# Steampunk / watchpart pen



## tomted62 (Oct 26, 2017)

Im wanting to cast a watchpart pen blank (my first) what size carbon fiber tube do you use for the Gent kit (not sure of tube size) or Cigar (10mm) kit? and where is a good dealer to buy the CF tubing at?


----------



## RNturns (Oct 26, 2017)

following


----------



## McKenzie Penworks (Oct 27, 2017)

Most of the examples I saw used sleeves rather than rigid tube


----------



## Kenny Durrant (Oct 27, 2017)

It's been a while since I've ordered some but if I recall properly I used 1/2" sleeves. It will expand and contract to cover most kits. The only problem I had was it will ravel while you just look at it. I would use tape to tape the ends to stop the raveling and have an extra 1" on each end to compensate for it.
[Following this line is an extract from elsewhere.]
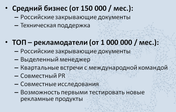 Также докладчик отметил, что рекламная сеть будет выделена в отдельный сегмент только тогда, когда она покажет значительные объемы на фоне сайта. «Сейчас сеть – это полпроцента трафика, который у нас есть, и эти 500 000 кликов – это меньше, чем ВКонтакте за день», - сказал Александр.

After the glue dried I would trim the ends.


----------



## tomted62 (Oct 27, 2017)

Sorry, meant sleeves.


----------



## mike4066 (Oct 30, 2017)

Yep.. 1/2" sleeves.   Check the library too as there is a tutorial there.


----------



## JohnU (Oct 30, 2017)

I get mine here... Soller Composites 

They have a decent variety of material, color and size.


----------